Big changes at home affairs
2009-10-09 19:27
Johannesburg - Home Affairs Minister Nkosazana Dlamini-Zuma said her department plans to change a number of its processes to turn around service delivery and to increase security.
"We have no choice to turn around as quickly and effectively as possible," Dlamini-Zuma, who had come from a funeral, told a meeting of Business Unity SA (Busa) in Sandton, Johannesburg on Friday afternoon.
"We can only do that with the help and partnerships with stakeholders," she said.
"We should be working together with business to create a better balance. We should be able to help every bank to know who the person in front of them is," she said, explaining that banks should be able to trust that identity documents are genuine.
Permit system
She also said South Africa should be looking at its permit system for students and foreign workers.
"We have to create an environment where scarce skills can come into South Africa easily and contribute to the economy."
There was no reason why foreign students, business people and people with scarce skills should not be able to get their work permits in their country of residence. She also said the department was looking at extending the working permits of people with scarce skills to five years.

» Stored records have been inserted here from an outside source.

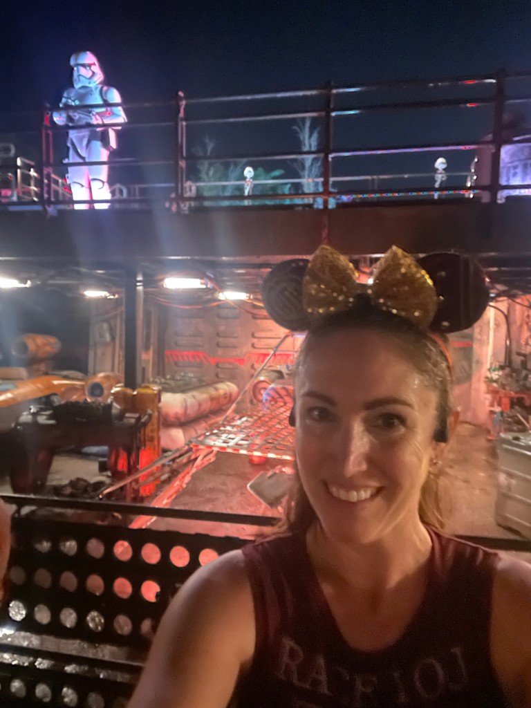 Running through Star Wars Land and Toy Story Land was a lot of fun in the dark! I was smiling the whole time and enjoying the awesome scenery around me. I stopped and took some video footage of this storm trooper for my Star Wars obsessed husband!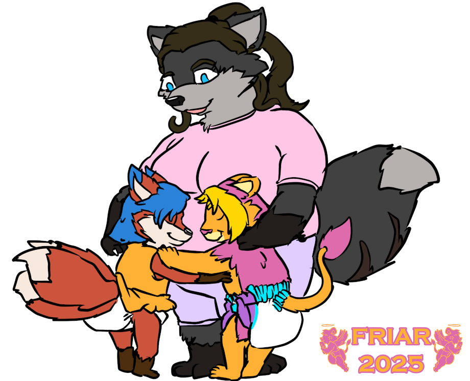 Illustration of Alfador the diapered three tailed kitsune, Friar the diapered lion and Mama Zephie the wolf hugging by a poolside viewing of cartoons on a large screen in the background.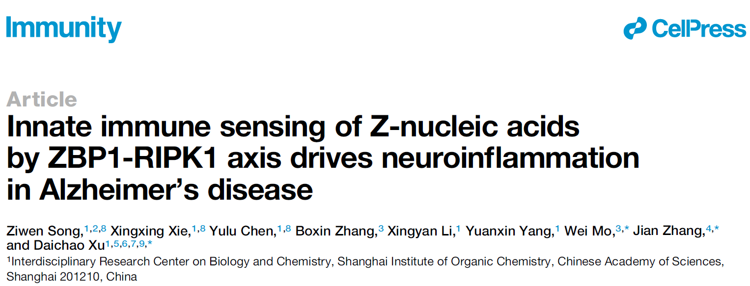 2025年9月2日,中国科学院上海有机化学研究所生物与化学交叉研究中心许代超研究团队在Immunity杂志在线发表了题为 "Innate immune sensing of Z-nucleic acids by ZBP1-RIPK1 axis drives neuroinflammation in Alzheimer's disease" 的研究论文,揭示了氧化断裂的Z型线粒体DNA(Z-mtDNA)可作为ZBP1的新型内源性配体,并驱动小胶质细胞介导的神经炎症过程。这一发现为理解左旋核酸感知以及AD神经免疫调控机制提供了全新视角。

"If I was a scarce skill I would want to know that if I go to a country I'll be able to get a permit that will last me for five years and not to have to chase the permit every year," she said.
Asylum seekers
Dlamini-Zuma said the department of home affairs would address the issue of economic immigrants coming to South Africa for work, but applying for asylum.

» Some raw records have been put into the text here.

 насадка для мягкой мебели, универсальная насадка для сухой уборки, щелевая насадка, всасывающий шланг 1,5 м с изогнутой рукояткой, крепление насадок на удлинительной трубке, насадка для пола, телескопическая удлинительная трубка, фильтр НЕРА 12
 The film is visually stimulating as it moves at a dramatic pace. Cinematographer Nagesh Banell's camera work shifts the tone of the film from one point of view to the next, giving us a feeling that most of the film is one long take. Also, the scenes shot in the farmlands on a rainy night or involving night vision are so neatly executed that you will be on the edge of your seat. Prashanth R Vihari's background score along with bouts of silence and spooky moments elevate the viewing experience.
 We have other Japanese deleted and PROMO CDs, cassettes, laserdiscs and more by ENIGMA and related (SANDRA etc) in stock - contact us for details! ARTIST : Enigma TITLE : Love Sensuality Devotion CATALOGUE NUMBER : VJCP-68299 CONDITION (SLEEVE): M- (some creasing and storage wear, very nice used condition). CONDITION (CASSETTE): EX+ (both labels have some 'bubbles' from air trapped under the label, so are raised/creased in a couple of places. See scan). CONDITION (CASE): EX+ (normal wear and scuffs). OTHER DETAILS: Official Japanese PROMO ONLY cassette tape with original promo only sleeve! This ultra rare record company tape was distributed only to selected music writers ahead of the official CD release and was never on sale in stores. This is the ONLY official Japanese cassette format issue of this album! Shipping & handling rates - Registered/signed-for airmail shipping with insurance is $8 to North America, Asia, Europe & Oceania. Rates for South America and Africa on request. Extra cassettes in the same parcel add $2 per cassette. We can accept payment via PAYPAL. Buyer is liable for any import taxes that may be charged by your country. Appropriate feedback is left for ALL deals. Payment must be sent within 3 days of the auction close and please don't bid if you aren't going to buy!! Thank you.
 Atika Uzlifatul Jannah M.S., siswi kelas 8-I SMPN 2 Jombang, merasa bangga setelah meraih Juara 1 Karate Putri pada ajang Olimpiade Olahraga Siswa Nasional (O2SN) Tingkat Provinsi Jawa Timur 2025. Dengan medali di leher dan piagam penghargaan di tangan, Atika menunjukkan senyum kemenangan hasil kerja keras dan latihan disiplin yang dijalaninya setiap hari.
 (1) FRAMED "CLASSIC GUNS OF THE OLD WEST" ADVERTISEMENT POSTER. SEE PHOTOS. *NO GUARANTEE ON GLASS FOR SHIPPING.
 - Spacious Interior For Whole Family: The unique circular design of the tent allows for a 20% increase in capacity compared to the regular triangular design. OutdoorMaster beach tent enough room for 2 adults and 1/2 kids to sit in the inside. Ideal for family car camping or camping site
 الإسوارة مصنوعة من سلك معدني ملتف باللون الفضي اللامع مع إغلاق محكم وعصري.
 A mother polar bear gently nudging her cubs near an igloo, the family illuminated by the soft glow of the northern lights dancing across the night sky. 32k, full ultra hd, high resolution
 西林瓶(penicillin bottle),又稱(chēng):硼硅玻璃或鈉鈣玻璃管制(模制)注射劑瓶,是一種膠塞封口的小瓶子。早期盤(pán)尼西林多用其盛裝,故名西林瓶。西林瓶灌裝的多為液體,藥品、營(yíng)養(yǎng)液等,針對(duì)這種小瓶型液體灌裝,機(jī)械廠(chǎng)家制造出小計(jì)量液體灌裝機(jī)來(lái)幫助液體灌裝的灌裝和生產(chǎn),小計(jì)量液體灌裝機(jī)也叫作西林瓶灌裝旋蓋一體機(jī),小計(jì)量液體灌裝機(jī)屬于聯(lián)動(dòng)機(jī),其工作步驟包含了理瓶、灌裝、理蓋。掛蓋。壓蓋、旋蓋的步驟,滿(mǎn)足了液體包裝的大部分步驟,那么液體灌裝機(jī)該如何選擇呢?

"That route has become ridiculous. Last year for instance we had over 100 000 people seeking asylum but only 10 000 qualified," she said.

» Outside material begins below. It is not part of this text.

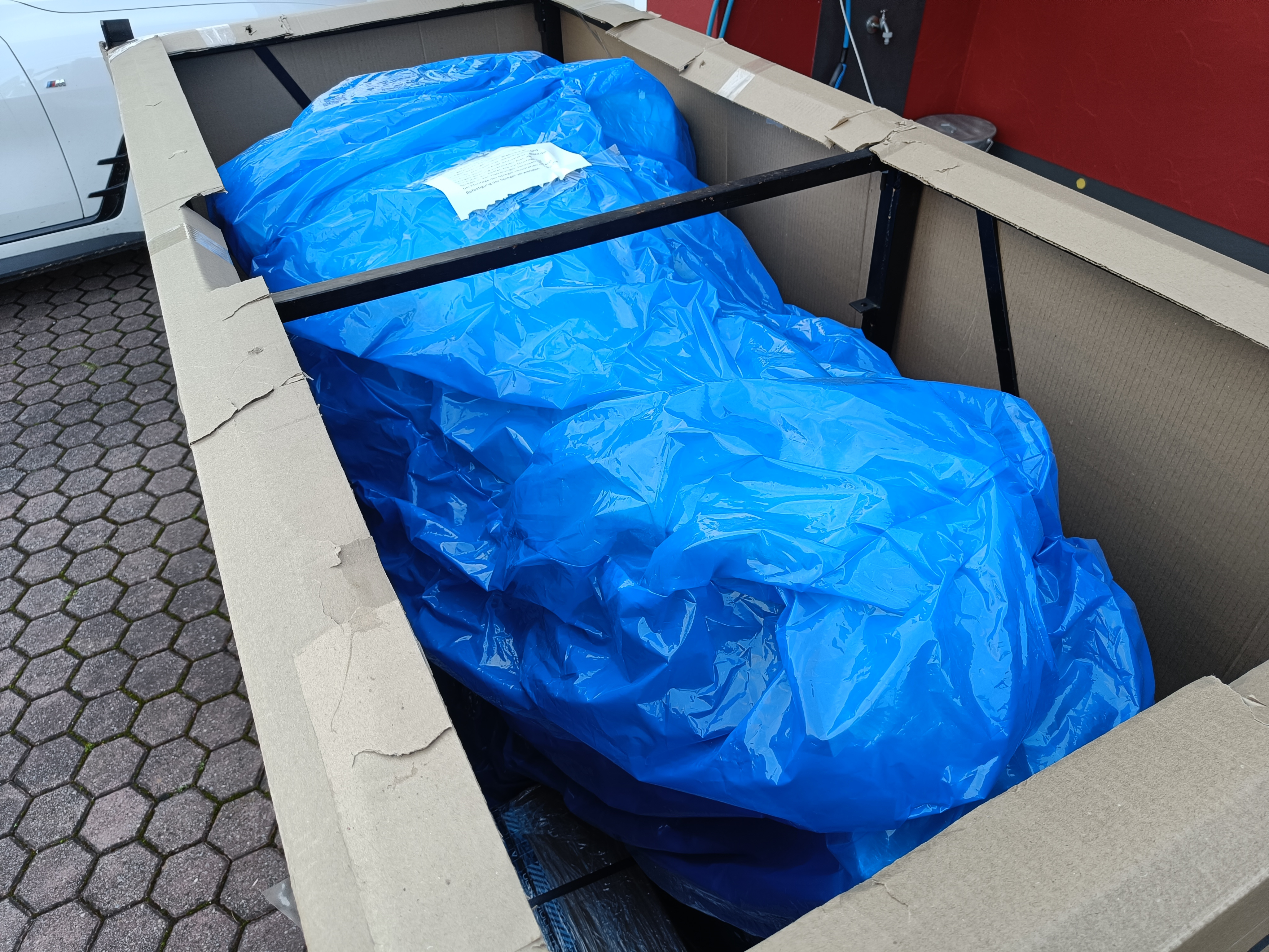 So, es geht los. Sie wurde gestern mit der Spedition angeliefert. Ich muss mich mit meiner Euphorie etwas zurückhalten. Ich bin noch keinen Meter damit gefahren, da ich morgen erst einen Termin bei der Zulassung hab.

The people who did not qualify were not asylum seekers, but only wanted to come to "greener pastures".
Dlamini-Zuma said the department is looking at changing the birth certificate to include more information as the current one is too easy to forge.
"We will be including the name of the mother in the unabridged birth certificate. There is no mother that gives birth in her absence," she said.
Single visa for SADC
The department was working with the Southern African Development Community (SADC) to create a system of free movement for SADC members, as well as a single visa - or 'univisa'.
"That is ideal. We should have free movement of people, goods, capital within SADC and South Africa is for that," she said, adding that all SADC countries needed to know their population for that to work.
There was pressure to issue a 'univisa' for SADC for the 2010 Fifa World Cup.